Another consequence of using medications to reduce stomach acid
Reducing stomach acid may also cause a reduction in Vitamin B12 as stomach acid helps the B12 to be extracted from food and absorbed. B12 deficiency is very serious and can lead to memory loss, mental confusion, mood changes and much more.
- Try apple cider vinegar instead of an antacid
Apple cider vinegar will give your digestion a little boost! Mix 1-2 tsp of apple cider vinegar with water and make sure you take it before each meal. Works well! Remember things like lemon and apple cider vinegar are good for your stomach but not so good for your teeth, don’t immediately brush your teeth rubbing the acid into your teeth, eat or at least rinse before you brush.

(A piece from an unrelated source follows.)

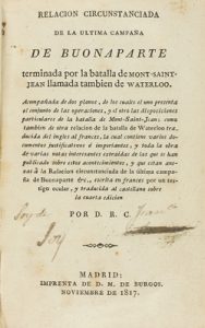 1817. LIBRO : (HISTORIA). RELACIÓN CIRCUNSTANCIADA DE LA ULTIMA CAMPAÑA DE BUONAPARTE. TERMINADA POR LA BATALLA DE MONT-SAINT-JEAN LLAMADA TAMBIÉN DE WATERLOO. Madrid, Imp. de M. Burgos, 1817. 8º menor. XXIV p. + 358 p. + 82 p. + 2 mapas...

- Identify any food sensitivities
Eating foods that you are sensitive to will cause inflammation and strain to the digestive system – worsening reflux. The symptoms are not always obvious; you may experience many or one of the following: headaches, nausea, cramping, rash, mood drops, low energy, numbness, poor sleep, diarrhoea, constipation and IBS.
- Slow down
Eat consciously being aware of nourishing yourself. Sit down, relax and eat slowly ensuring that you chew properly. Don’t eat unconsciously (eg watching tv, using a device, driving, on the run). Digestion starts when you are thinking about your food, smelling food and chewing. If you bypass all of these steps and just start shoveling it in unconsciously, your body won’t be ready to rest and digest. You need to support your body to support you!